Жизнь возращалась к Герцену по каплям. Возродилась былая тоска по России. И даже свою рукопись «Крещеная собственность», сочинение в общем чисто теоретическое, трактат на социальную тему, он начинает описанием русского сельского пейзажа, полным поэзии и нежности:

«С детских лет я бесконечно любил наши села и деревни, я готов был целые часы, лежа где-нибудь под березой или липой, смотреть на почернелый ряд скромных, бревенчатых изб, тесно прислоненных друг к другу, лучше готовых вместе сгореть, чем распасться, слушать заунывные песни, раздающиеся во всякое время дня, вблизи, вдали… В нашей бедной, северной, долинной природе есть трогательная прелесть, особенно близкая нашему сердцу…»
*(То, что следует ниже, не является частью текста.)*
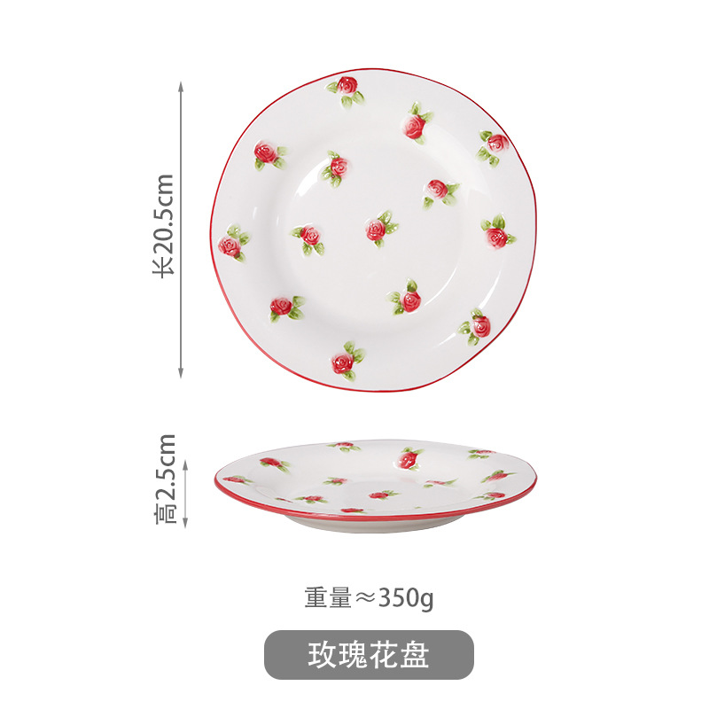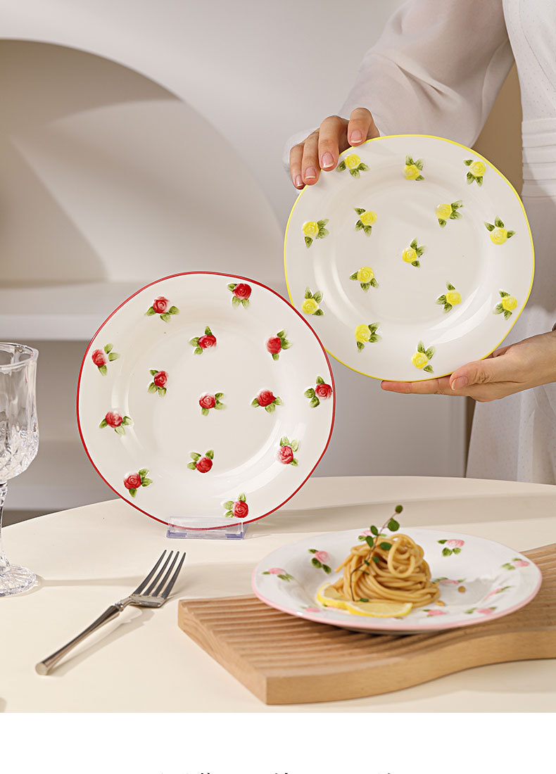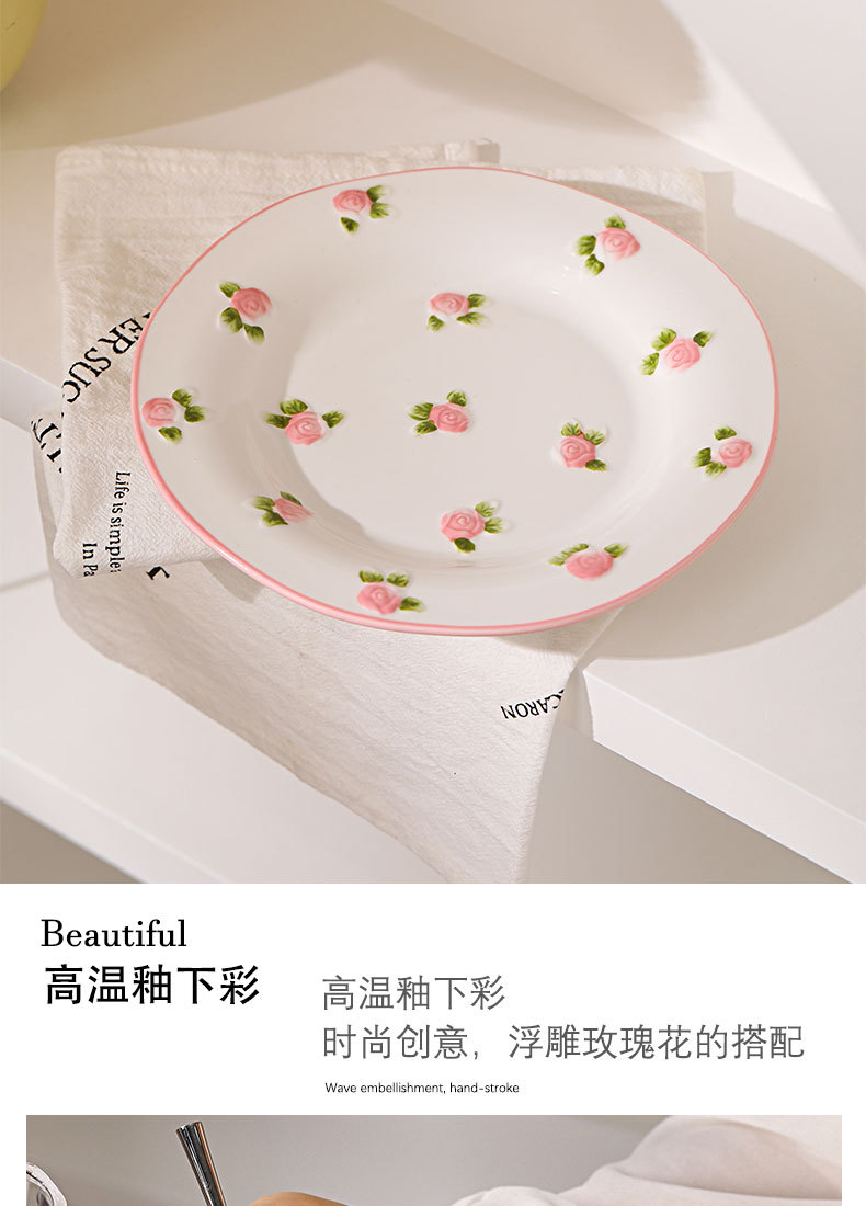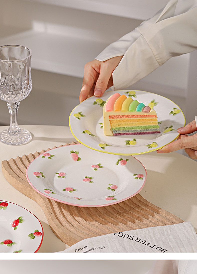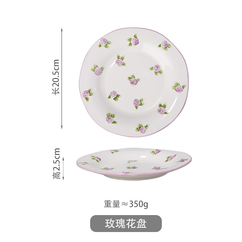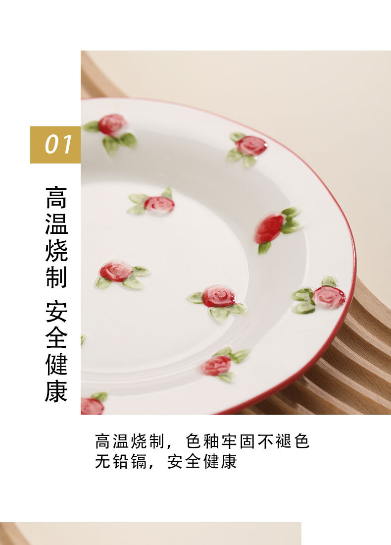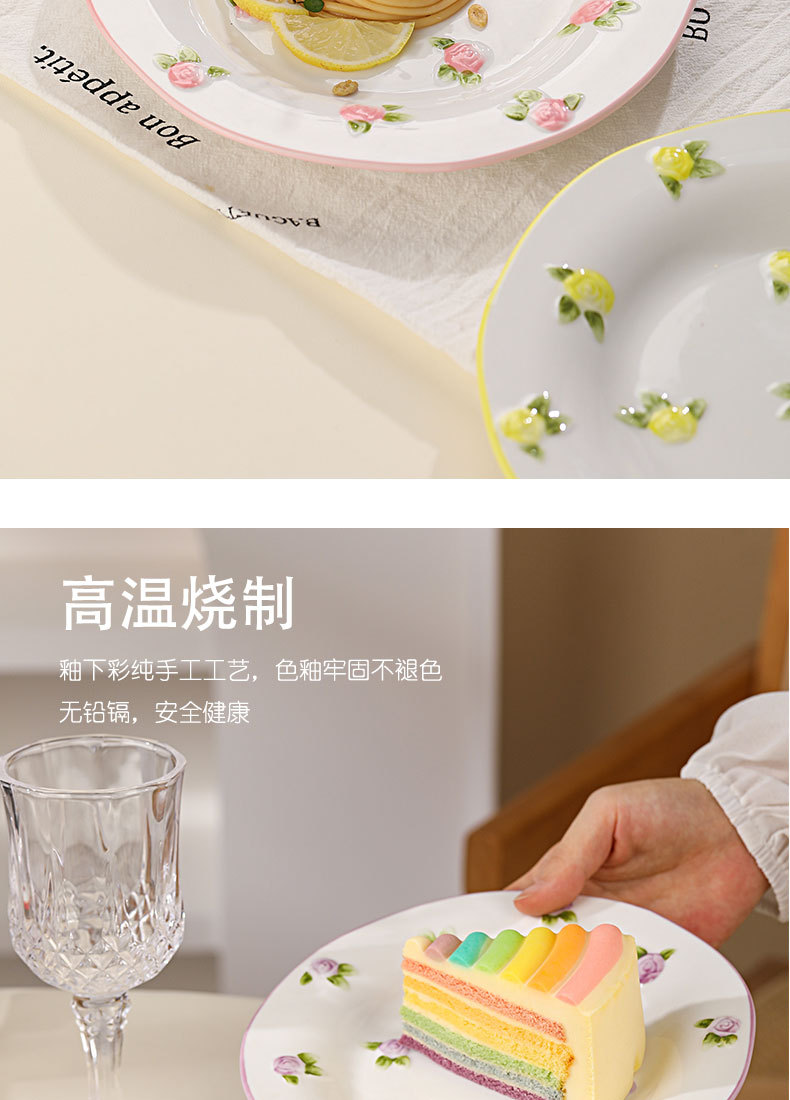 浮雕手绘陶瓷圆盘高颜值点心蛋糕盘耐高温无铅釉下彩迎宾水果盘子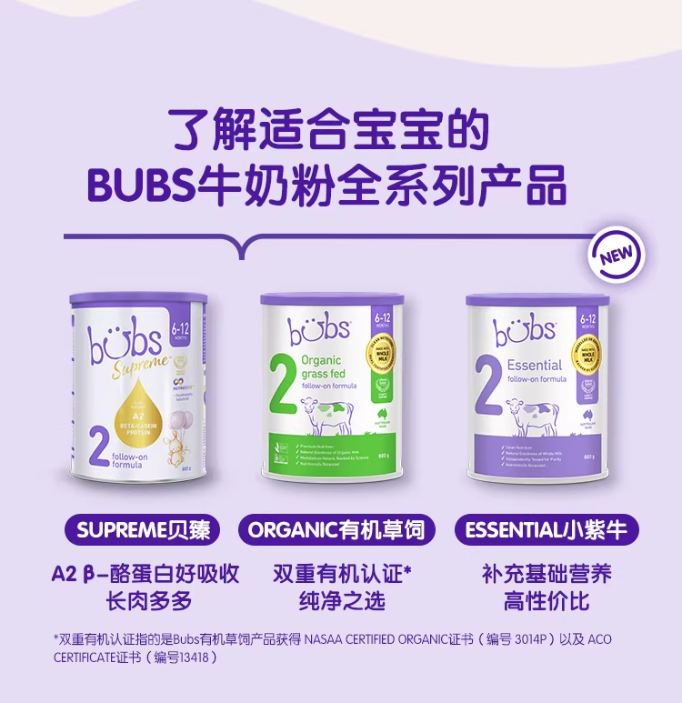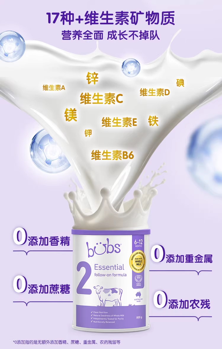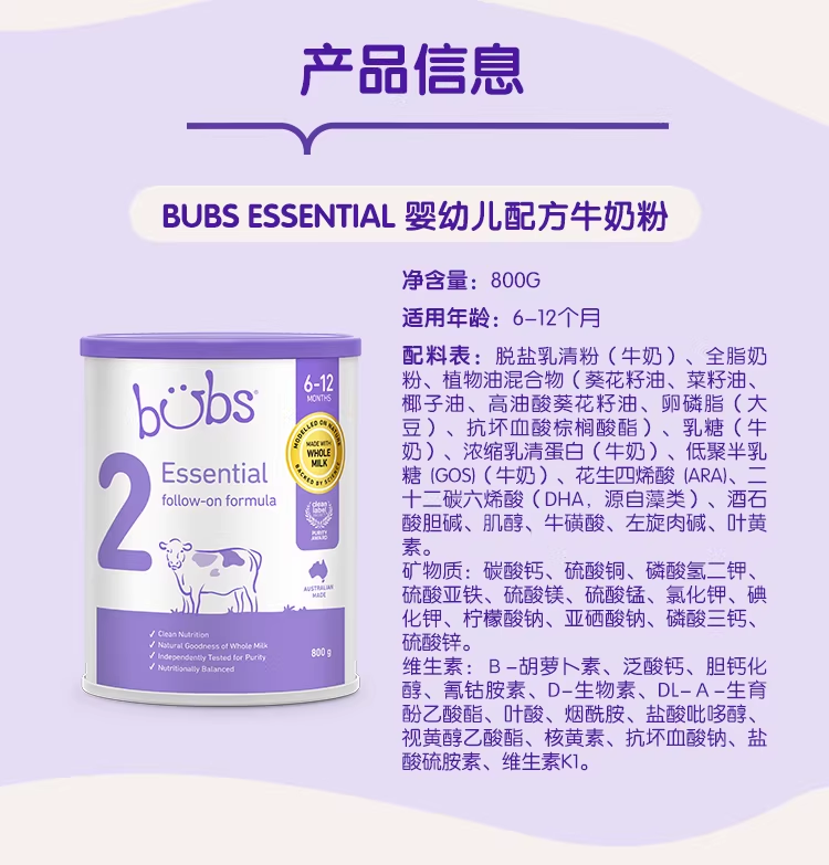 > Bubs Essential 婴幼儿配方牛奶粉 2段 800g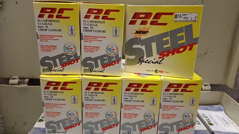 Ich verkaufe 175 Schuss Stahlschrot der Marke RC SteelShot special T3 im Kaliber 12/70 Gr. 8 1/2 (2,2mm) mit 24Gramm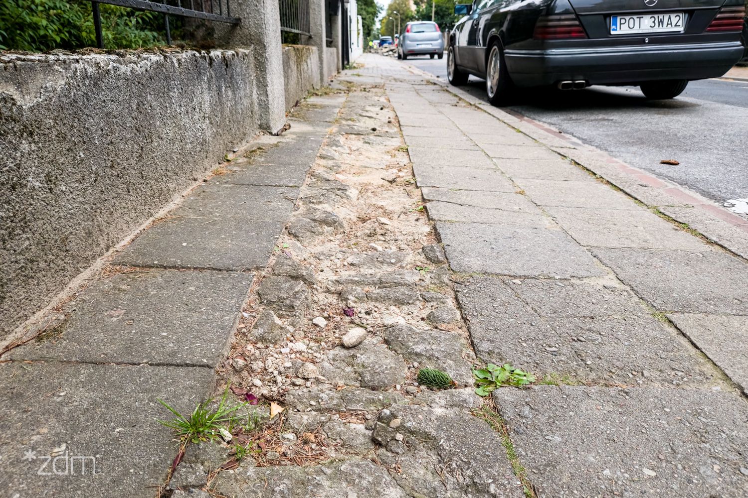 Poznań: Zniszczony chodnik znika z ul. Grodziskiej, ale prace potrwają kilka miesięcy

Теперь, что бы Герцен ни делал, даже в минуты, казалось бы, бездумные, даже в часы работы его не покидало ощущение гнетущей российской действительности. Он как бы чувствовал свою ответственность за все, происходящее там. Он не мог оставаться в позе бездеятельного наблюдателя, брюзги, ворчливо огрызающегося в своей безопасной конуре. Он должен действовать. Он писал Огареву:

«…Люблю свой гнев столько же, сколько ты свой покой».

Тут Герцен в порыве дружеской откровенности немного перехватывал: Николаю Платоновичу Огареву при всей разности и даже противоположности натур его и Герцена нельзя отказать в пылкости нрава и в силе борца. Больше лирик и меньше полемист, Огарев не испытывал постоянного стремления к действию в отличие от своего великого друга, сказавшего как-то о себе:

— Мне нужно… Anregung [47] со стороны среды.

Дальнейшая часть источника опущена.